Without including any images, set down the records below exactly.

[Data extracted from a collection]
***

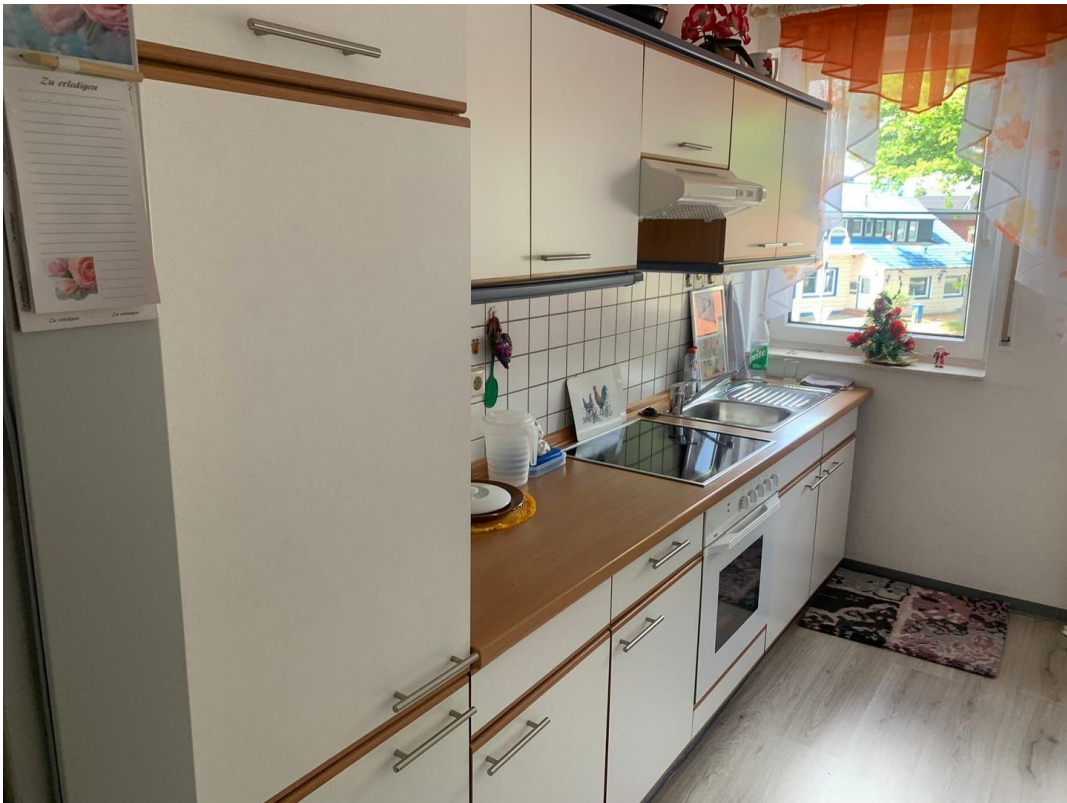
Küche, jedoch ohne EBK
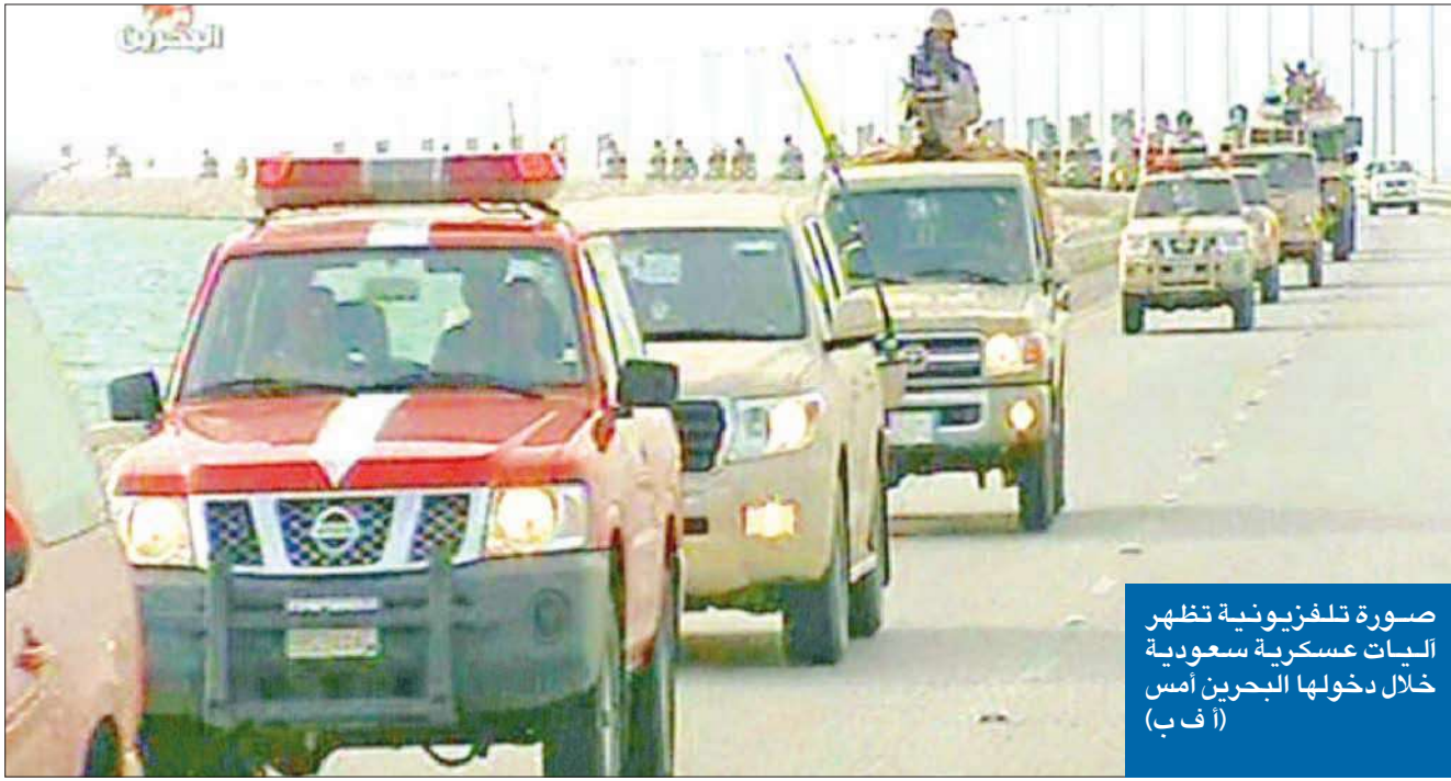
صورة تلفزيونية تظهر البات عسكرية سعودية خلال دخولها البحرين أمس (أ ب)

● طهران: لن نقف مكتوفي الأيدي ● واشنطن: يجب احترام حقوق البحرينيين ودخول القوات السعودية ليس غزواً ● المعارضة البحرينية: أي تدخل هو احتلال ونطالب مجلس الأمن بالتحرك
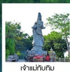
เจ้าแม่ทับทิม
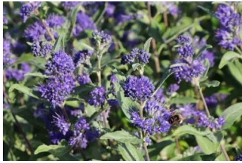
Caryopteris x clandonensis Bartblume
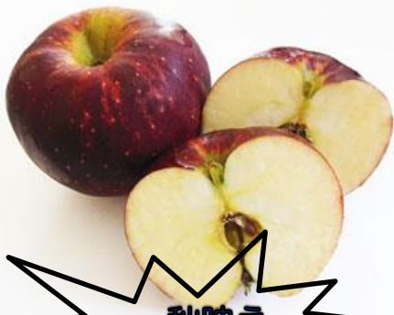
秋映え しなのスイート
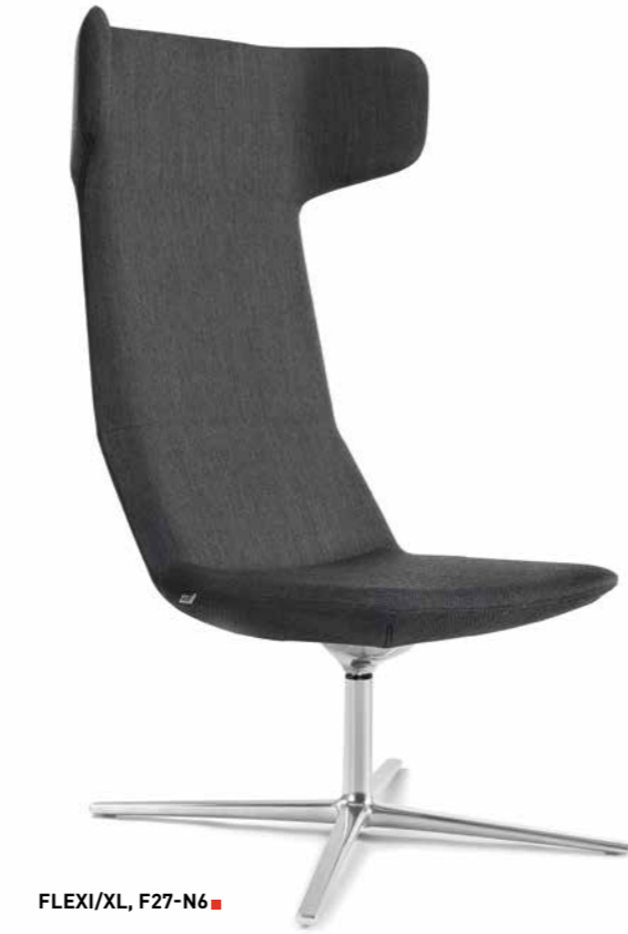
FLEXI/XL, F27-N6 ■
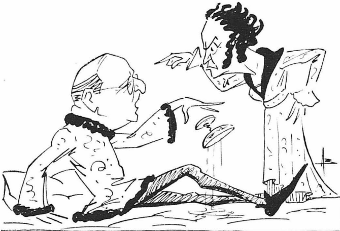
Ὁ κ. Θ. Συναϊνίδος καὶ ἡ Λουκρητία Βοργία. Ὁ κ. Συναϊνίδος ἐπιτε πλῆον τὸ δηλητηριώδη. Ἄς ὄρωται οἱ κριτικοί!... (Σκίτσο τοῦ κ. Βώττη)
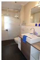
Das Bad mit Handwaschbecken, Toilette und bodengleicher Dusche mit ....

Ein großer Einbauschränk für die Kofferinhalte. TV Gerät.
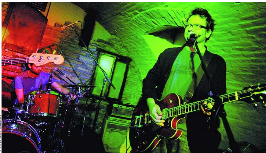
A népszerű zenekar decemberben a Szekszárdi Est Cafében lépett fel

– Úgy látom, hogy az előttünk levő generáció számos művészt bosszantja ez a díj, de nekem ez tetszik, szerintem ez kifejezetten szórakoztató. Egyébként szemtől szembe nyilván nem mondják, hiszen általában olyanokat kapok, hogy persze megérdemeltem, de azt nem tudom, hogy ők megkérdezték-e maguktól, hogy megérdemeltem-e. Valószínű, hogy azt mondják magukban, hogy nem, de nekem azt mondják, hogy igen. Megmondom őszintén, amikor kaptam egy értesítést arról, hogy lesz valami ilyesmi, eldöntöttem, hogy ezzel nem fogok foglalkozni, és rájöttem, hogy ez nagyon jó, mert feleslegesen okoztam magamnak kellemetlenséget korábban, számos alkalommal azzal, hogy elolvastam a lemezkritikát, meg a kommenteket, hogy például „ez már miért nem takarodik el...”, meg ilyeneket, és ez nagyon megviselt. Nemrég beszélgettem Kiss Tibivel a Quimbyből, egy közös Budapest Báros fellépésen, és láttam rajta, hogy nagyon szomorú. Azt mondta, hogy tényleg érdekelték ezek a dolgok az új lemezzel kapcsolatban, hiszen ezen dolgoztak hosszú ideig. Aztán megjelent egy kritika, ami olyan amilyen, de az a mocsoközön, ami utána zúdul, az nagyon ijesztő. Én meg azt mondtam neki, hogy a megoldás a következő: legközelebb elolvasod a
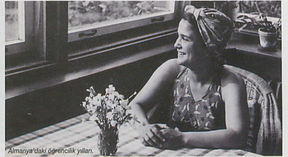
Almanya'daki öğrencilik yılları.
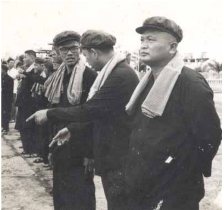
សមាជិកខ្មែរក្រហមជាន់ខ្ពស់កំពុងឈរជួរ ដើម្បីរង់ចាំភ្ញៀវភិក្ខិយស ប្រហែលជាឆ្នាំ ១៩៧៥។ ពីស្តាំទៅឆ្វេង៖ នួន ជា, អៀង សារី, សុន សេន, វន វ៉េត និង កុយ ធួន។

ប្រភពនៃចលនាខ្មែរក្រហម កើតចេញពីចលនាស៊ីប្រឆាំងនឹងអាណានិគមបារាំង។ នៅក្នុងត្រីមាសចុងក្រោយនៃសតវត្សរ៍ទី១៩ និងរហូតដល់ដើមទសវត្សរ៍ឆ្នាំ១៩៥០ បារាំងចាប់ផ្តើមគ្រប់គ្រងលើប្រទេសកម្ពុជា ឡាវ និងវៀតណាម។ ការគ្រប់គ្រងរបស់បារាំងទៅលើដែនដីអាណានិគម បានស្គាល់ជាទូទៅថាជាឥណ្ឌូចិនបារាំង។ ខណៈដែលទឹកចិត្តប្រឆាំងអាណានិគមកើតមានឡើងជានិច្ច ដែលពេលខ្លះផ្ទុះឡើងក្លាយជាឧទ្ទាមកម្មក្នុងរូបភាពណាមួយក៏ដោយ ក៏ចលនាប្រឆាំងអាណានិគម មិនបានសហការគ្នាឲ្យត្រឹមត្រូវទេ រហូតដល់ក្នុងទសវត្សរ៍ឆ្នាំ១៩៤០។ ចលនាខ្មែរឥស្សរៈ គឺជាចលនាប្រឆាំងបារាំង ចលនាអ្នកជាតិនិយមខ្មែរ បានកើតឡើងដោយមានការគាំទ្រពីប្រទេសថៃក្នុងឆ្នាំ១៩៤៥។ នៅពេលដែលយើងធ្វើការពិពណ៌នា ខ្មែរឥស្សរៈជាចលនាដែលគ្មានមេដឹកនាំគោលទេ។ តាមការពិតទៅ ចលនាខ្មែរឥស្សរៈបានបង្កើតឡើងពីសមាសភាពក្រុមផ្សេងៗគ្នាជាច្រើន ដែលមានរបៀបវារៈ និងគោលដៅនយោបាយផ្សេងៗគ្នា។ ក្រុមឥស្សរៈនៅភាគខាងលិចប្រទេសកម្ពុជា មាននិន្នាការដាក់ទៅរកការគាំទ្រពីប្រទេសថៃ ខណៈដែលក្រុមឥស្សរៈនៅភាគខាងកើតបានសហការ និងទទួលឥទ្ធិពលយ៉ាងខ្លាំងពីក្រុមកុម្មុយនីស្តវៀតណាម ដែលស្គាល់ថាជារៀតមិញ។ ក្រុមកុម្មុយនីស្តវៀតណាមបានដើរតួនាទីយ៉ាងសំខាន់ក្នុងការគាំទ្រឲ្យមានការកើតឡើងនូវចលនាកុម្មុយនីស្តកម្ពុជានៅក្នុងប្រវត្តិសាស្ត្រដំបូងរបស់ខ្លួន។
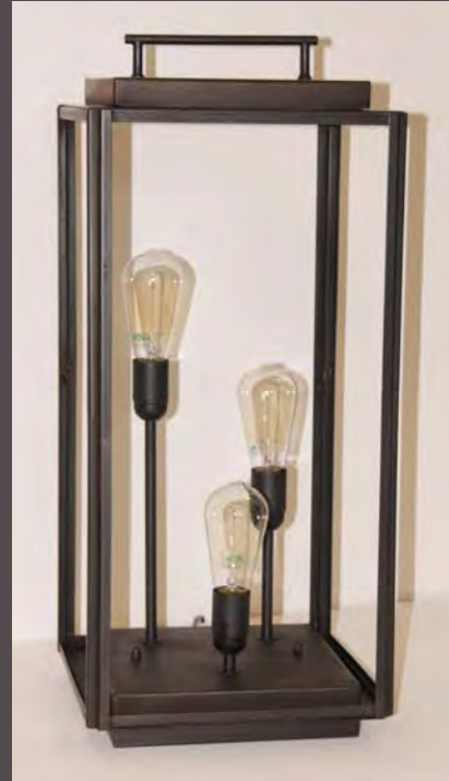
PHOTOPHORE ELECTRIFIE HT 70CM – LOUNG/EL70

Haut. 540 mm - Larg. 225 mm - Long. 225 mm Verre clair 3 mm - Poids : 6kg E. 27 - 52 W maxi - Classe II - IP44 Long. Cordon 3M - Interrupteur à pied Possibilité de fixation au sol (en finition N°23 sur photo - Métal Fumé)
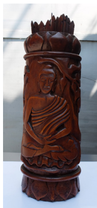
Gambar 5. Qian Tong terisi penuh di Vihara Buddhi Bandung

sinkaw dan melambungnya setinggi 1 meter dan dibiarkan jatuh di lantai. Jika jatuh dalam keadaan tengkurap dan terlentang, maka ramalan yang tertulis di salah satu bambu tadi disetujui oleh dewa. Namun, jika kedua Sinkaw jatuh dalam keadaan tengkurap atau dalam keadaan terbuka, berarti dewa tidak setuju atas Chiamsi yang telah didapatkan tadi. Jika ini terjadi, harus dilakukan pengguncangan ulang. Hal yang sama juga dilakukan pada Sinkaw . Apabila antara Chiamsi dan Sinkaw sudah cocok, maka batang Chiamsi yang diperoleh dicocokkan dengan kertas Chiamsi . Di kertas berukuran 5 cm x 20 cm sudah tertulis terjemahan dari batangan Chiamsi . Apa yang harus kita lakukan, sesuai dengan pertanyaan kita, sudah tertulis di kertas tersebut dan ini bisa dijadikan pedoman bagi pemuja untuk bertidak dalam kehidupan sehari-hari.”
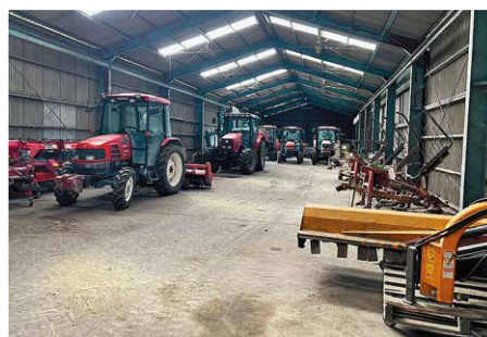
農業機械センター

答 年間約2,900万円からスタートし、人件費の上昇とともに約3,000万円から3,500万円の間に5年間は推移していくと試算している。
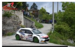
De Tommaso domina il Rall...
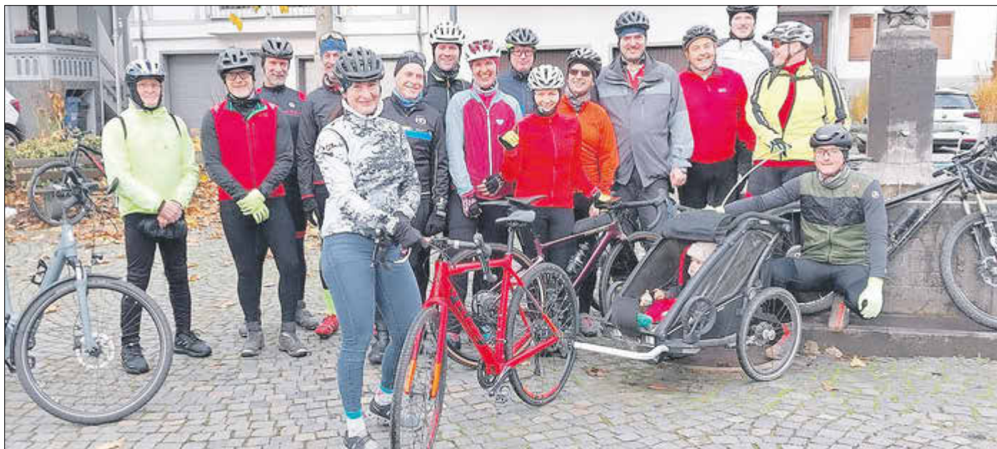
Das VLG Foto zeigt einen Teil der Gruppe am Klemens-Langenhof-Brunnen in Eisenbach

***

### TASK OUTPUT
Küche, jedoch ohne EBK
صورة تلفزيونية تظهر البات عسكرية سعودية خلال دخولها البحرين أمس (أ ب)

● طهران: لن نقف مكتوفي الأيدي ● واشنطن: يجب احترام حقوق البحرينيين ودخول القوات السعودية ليس غزواً ● المعارضة البحرينية: أي تدخل هو احتلال ونطالب مجلس الأمن بالتحرك
เจ้าแม่ทับทิม
Caryopteris x clandonensis Bartblume
秋映え しなのスイート
FLEXI/XL, F27-N6 ■
Ὁ κ. Θ. Συναϊνίδος καὶ ἡ Λουκρητία Βοργία. Ὁ κ. Συναϊνίδος ἐπιτε πλῆον τὸ δηλητηριώδη. Ἄς ὄρωται οἱ κριτικοί!... (Σκίτσο τοῦ κ. Βώττη)
Das Bad mit Handwaschbecken, Toilette und bodengleicher Dusche mit ....

Ein großer Einbauschränk für die Kofferinhalte. TV Gerät.
A népszerű zenekar decemberben a Szekszárdi Est Cafében lépett fel

– Úgy látom, hogy az előttünk levő generáció számos művészt bosszantja ez a díj, de nekem ez tetszik, szerintem ez kifejezetten szórakoztató. Egyébként szemtől szembe nyilván nem mondják, hiszen általában olyanokat kapok, hogy persze megérdemeltem, de azt nem tudom, hogy ők megkérdezték-e maguktól, hogy megérdemeltem-e. Valószínű, hogy azt mondják magukban, hogy nem, de nekem azt mondják, hogy igen. Megmondom őszintén, amikor kaptam egy értesítést arról, hogy lesz valami ilyesmi, eldöntöttem, hogy ezzel nem fogok foglalkozni, és rájöttem, hogy ez nagyon jó, mert feleslegesen okoztam magamnak kellemetlenséget korábban, számos alkalommal azzal, hogy elolvastam a lemezkritikát, meg a kommenteket, hogy például „ez már miért nem takarodik el...”, meg ilyeneket, és ez nagyon megviselt. Nemrég beszélgettem Kiss Tibivel a Quimbyből, egy közös Budapest Báros fellépésen, és láttam rajta, hogy nagyon szomorú. Azt mondta, hogy tényleg érdekelték ezek a dolgok az új lemezzel kapcsolatban, hiszen ezen dolgoztak hosszú ideig. Aztán megjelent egy kritika, ami olyan amilyen, de az a mocsoközön, ami utána zúdul, az nagyon ijesztő. Én meg azt mondtam neki, hogy a megoldás a következő: legközelebb elolvasod a
Almanya'daki öğrencilik yılları.
សមាជិកខ្មែរក្រហមជាន់ខ្ពស់កំពុងឈរជួរ ដើម្បីរង់ចាំភ្ញៀវភិក្ខិយស ប្រហែលជាឆ្នាំ ១៩៧៥។ ពីស្តាំទៅឆ្វេង៖ នួន ជា, អៀង សារី, សុន សេន, វន វ៉េត និង កុយ ធួន។

ប្រភពនៃចលនាខ្មែរក្រហម កើតចេញពីចលនាស៊ីប្រឆាំងនឹងអាណានិគមបារាំង។ នៅក្នុងត្រីមាសចុងក្រោយនៃសតវត្សរ៍ទី១៩ និងរហូតដល់ដើមទសវត្សរ៍ឆ្នាំ១៩៥០ បារាំងចាប់ផ្តើមគ្រប់គ្រងលើប្រទេសកម្ពុជា ឡាវ និងវៀតណាម។ ការគ្រប់គ្រងរបស់បារាំងទៅលើដែនដីអាណានិគម បានស្គាល់ជាទូទៅថាជាឥណ្ឌូចិនបារាំង។ ខណៈដែលទឹកចិត្តប្រឆាំងអាណានិគមកើតមានឡើងជានិច្ច ដែលពេលខ្លះផ្ទុះឡើងក្លាយជាឧទ្ទាមកម្មក្នុងរូបភាពណាមួយក៏ដោយ ក៏ចលនាប្រឆាំងអាណានិគម មិនបានសហការគ្នាឲ្យត្រឹមត្រូវទេ រហូតដល់ក្នុងទសវត្សរ៍ឆ្នាំ១៩៤០។ ចលនាខ្មែរឥស្សរៈ គឺជាចលនាប្រឆាំងបារាំង ចលនាអ្នកជាតិនិយមខ្មែរ បានកើតឡើងដោយមានការគាំទ្រពីប្រទេសថៃក្នុងឆ្នាំ១៩៤៥។ នៅពេលដែលយើងធ្វើការពិពណ៌នា ខ្មែរឥស្សរៈជាចលនាដែលគ្មានមេដឹកនាំគោលទេ។ តាមការពិតទៅ ចលនាខ្មែរឥស្សរៈបានបង្កើតឡើងពីសមាសភាពក្រុមផ្សេងៗគ្នាជាច្រើន ដែលមានរបៀបវារៈ និងគោលដៅនយោបាយផ្សេងៗគ្នា។ ក្រុមឥស្សរៈនៅភាគខាងលិចប្រទេសកម្ពុជា មាននិន្នាការដាក់ទៅរកការគាំទ្រពីប្រទេសថៃ ខណៈដែលក្រុមឥស្សរៈនៅភាគខាងកើតបានសហការ និងទទួលឥទ្ធិពលយ៉ាងខ្លាំងពីក្រុមកុម្មុយនីស្តវៀតណាម ដែលស្គាល់ថាជារៀតមិញ។ ក្រុមកុម្មុយនីស្តវៀតណាមបានដើរតួនាទីយ៉ាងសំខាន់ក្នុងការគាំទ្រឲ្យមានការកើតឡើងនូវចលនាកុម្មុយនីស្តកម្ពុជានៅក្នុងប្រវត្តិសាស្ត្រដំបូងរបស់ខ្លួន។
PHOTOPHORE ELECTRIFIE HT 70CM – LOUNG/EL70

Haut. 540 mm - Larg. 225 mm - Long. 225 mm Verre clair 3 mm - Poids : 6kg E. 27 - 52 W maxi - Classe II - IP44 Long. Cordon 3M - Interrupteur à pied Possibilité de fixation au sol (en finition N°23 sur photo - Métal Fumé)
Gambar 5. Qian Tong terisi penuh di Vihara Buddhi Bandung

sinkaw dan melambungnya setinggi 1 meter dan dibiarkan jatuh di lantai. Jika jatuh dalam keadaan tengkurap dan terlentang, maka ramalan yang tertulis di salah satu bambu tadi disetujui oleh dewa. Namun, jika kedua Sinkaw jatuh dalam keadaan tengkurap atau dalam keadaan terbuka, berarti dewa tidak setuju atas Chiamsi yang telah didapatkan tadi. Jika ini terjadi, harus dilakukan pengguncangan ulang. Hal yang sama juga dilakukan pada Sinkaw . Apabila antara Chiamsi dan Sinkaw sudah cocok, maka batang Chiamsi yang diperoleh dicocokkan dengan kertas Chiamsi . Di kertas berukuran 5 cm x 20 cm sudah tertulis terjemahan dari batangan Chiamsi . Apa yang harus kita lakukan, sesuai dengan pertanyaan kita, sudah tertulis di kertas tersebut dan ini bisa dijadikan pedoman bagi pemuja untuk bertidak dalam kehidupan sehari-hari.”
農業機械センター

答 年間約2,900万円からスタートし、人件費の上昇とともに約3,000万円から3,500万円の間に5年間は推移していくと試算している。
De Tommaso domina il Rall...
Das VLG Foto zeigt einen Teil der Gruppe am Klemens-Langenhof-Brunnen in Eisenbach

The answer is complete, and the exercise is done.